Öyleyse sevgili öğrenciler izleyenler ve dinleyenler, şunu bilin ki evlenmek asıldır. Evlenmek, hedeftir. Bu konuda hangi gayretlerin sahibi olduğumuzu hepiniz biliyorsunuz. Herkes evlenmek istiyor,  bize müracaatlar var ama evlenebilenlerin sayısı da son derece az. Sevgili kardeşlerim, şeytan burada büyük bir tuzak örmüş insanlara. İnsanların evlenmesine mâni olma sadedinde bunu da başarıyla uyguluyor. Olay ne? Sevgili kardeşlerim, pratik fikirleri olanlar varsa lütfen bize ulaşsınlar. Biz vazifeliler kıldık; özellikle eş olanları. Birisi hanımlarla muhatap olacak hanım, birisi erkeklerle muhatap olacak bey ve orada veya başka bir yerde evlenmek isteyenler bize müracaat etmekle kalmayacak, onlara da durumlarını anlatacaklar. Onlar sır saklayan insanlar. Bir de bakıyoruz ki hiç öyle olmuyor. Hem herkes bize devamlı müracaat ediyor evlenmek istiyoruz diye. Bir kısmet hüviyetinde sözlere muhatap oluyoruz. Kardeşlerimiz haklı olarak evlenmek istiyorlar çünkü bunun için yaratıldılar, biz de onların evlenmesini istiyoruz. O evlendirmekle vazifeli kıldığımız kardeşlerimiz de istiyor. Ama kardeşlerimiz bir türlü birbirlerine ulaşamıyorlar. Ve sanki çok güç bir işmiş gibi evlenmek, ardı arkası kesilmiyor evlenme taleplerinin ama evlenenlerin de sayısı çok az.

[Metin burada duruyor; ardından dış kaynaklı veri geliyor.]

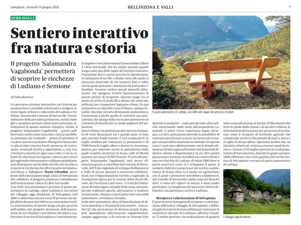 Cari amici della piccola Salamandra Vagabonda, grazie al vostro prezioso contributo (chi in soldi, chi con il lavoro durante la giornata di sabato 12 giugno) il progetto per il sentiero tematico che va da Ludiano a Selvapiana per poi scendere al Castello di Serravalle passando da Scarp (Semione) sta facendo grandi passi avanti. Negli scorsi giorni sul quotidiano La Regione è apparso un bel articolo che presenta il progetto e rende pubblico quanto stiamo facendo. In queste settimane abbiamo preso contatto con vari enti (Patriziati, Ente Regionale di Sviluppo Bellinzona e Valli, OTR Bellinzonese e Alto Ticino e altri ancora.) i quali si sono detti entusiasti di questa iniziativa rivolta a rendere ancora più attrattiva la Valle di Blenio. Questo ci ha fatto molto piacere e ci ha spronati ad andare avanti in quest'avventura... Vi ringraziamo di cuore per la vostra partecipazione e il vostro sostegno e vi chiediamo di continuare a parlare di questo progetto con i vostri amici e conoscenti così da trovare nuovi sostenitori. Restiamo volentieri a vostra disposizione per ulteriori informazioni. Vi auguriamo una splendida estate e al prossimo aggiornamento sul progetto Salamandra Vagabonda. Il gruppo promotore

Sevgili kardeşlerim, böyle mi olmalı? Başka topluluklar bizi alâkadar etmez. Biz Kur’ân-ı Kerim’in hükümlerini yaşarız. Mademki Allahû Tealâ evlenmemiz için yaratmış hepimizi, öyleyse evlenmeliyiz. Bunun standartları içinde utanmamak lâzım, sıkılmamak lâzım, bu evlilik müessesesini bir izzet-i nefis meselesi yapmamak lâzım. O evlendirmekle vazifeli kıldığımız kardeşlerimiz bu konuda duyarlıdır, titizdir, sır saklayan insanlardır. Onlara güven duymanızı isterim. Onların dışında onlar olmasın da başkaları olsun, şu olsun tarzında talepleriniz varsa onları da bize iletin. Şu anda en uygun görünenler onlar. Ama sevgili kardeşlerim, biz isteriz ki çocuklar tasavvuf yuvasında doğsunlar, büyüsünler, namazın, orucun, zikrin bir ihtiyaç olduğunu onun içinde büyüyerek, yoğrularak yaşasınlar. Allahû Tealâ da böyle ister.

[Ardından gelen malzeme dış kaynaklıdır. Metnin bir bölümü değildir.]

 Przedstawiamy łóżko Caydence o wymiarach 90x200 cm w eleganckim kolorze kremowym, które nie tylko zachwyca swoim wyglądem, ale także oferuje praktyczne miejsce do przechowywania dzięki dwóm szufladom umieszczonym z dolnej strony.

Öyleyse herşeyi en güzele ulaştırmak üzere hepiniz vazifelisiniz. Evlenmek isteyenlerin aralarını bulmaya çalışın, onlara yardımcı olun. Hepinizin üzerine vazife kıldık bunu. Ne kadar çok kardeşimiz evlenirse birbirlerine o kadar destek olan çiftler oluşacaktır. Aile yuvaları vücuda gelecektir. Çocuklar doğacaktır. Güzellikler yaşanacaktır.

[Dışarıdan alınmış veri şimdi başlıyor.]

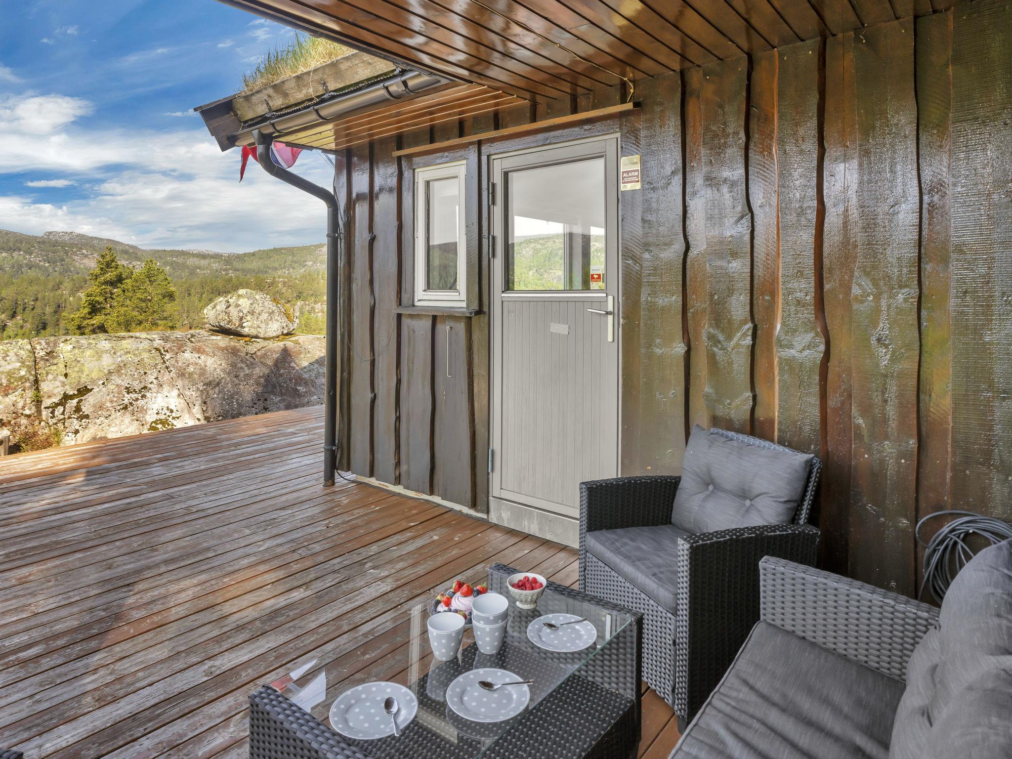 Holiday development "Utsikten", 576 m a.s.l.. 1.5 km from the centre of Bortelid, 46 km from the centre of Evje, 100 km from the centre of Kristiansand, 350 m from the lake. Private: natural state property 800 m2. Terrace (44 m2), garden furniture, barbecue, parking on the premises. Shop 1.5 km, supermarket 29 km, bus stop "Dåsnes" 42 km, railway station "Audnedal" 72 km, ferry "Kristiansand" 100 km.

Sevgili öğrenciler, izleyenler dinleyenler, candostlarım, gönül dostlarım, herkes için oluşması lâzım gelen müessese evlenmektir. Mutlaka nikâh adlı bir müesseseyi gerektirir. Sadece bizim ülkemizde dîni nikâh geçerli sayılmaz, sadece bizim ülkemizde. Burada Amerika’da Müslümansanız nikâh kıyan bir hocaya gittiğiniz zaman nikâh müessesesi gerçekleşir ve siz evli hüviyetine girersiniz. Bunu reçeteye dökmek isterseniz; oradan alacağınız, o imamdan alacağınız bir yazıyla ondan sonra gidersiniz sertifika alırsınız belediyeden. Asıl olan Allah’ın indinde kıyılan nikâhtır. Bizim içimizde Allah ne söylemişse onun tersini yapmak moda olduğu için, her devirde moda olduğu için Cumhuriyetten bu tarafa dîni nikâh, nikâh hüviyetinde sayılmaz. Ama Amerika’da sayılıyor, dünyanın heryerinde sayılıyor; sadece bunun sertifikasını almak isteyenler derlerse ki: “Biz belediyeden resmi bir sertifika istiyoruz.” Onlar gidiyorlar, oradan alıyorlar. Geri kalanlar Hristiyanlar kliselerde, Müslümanlar da camilerde evlenme merasimlerini yapıyorlar. Her şeyin aslî unsurlarından, kolaylıklarından tamamen tard edildiği, her şeyi en zor hüviyete sokan bir zihniyet bizim ülkemizde kol gezmekte.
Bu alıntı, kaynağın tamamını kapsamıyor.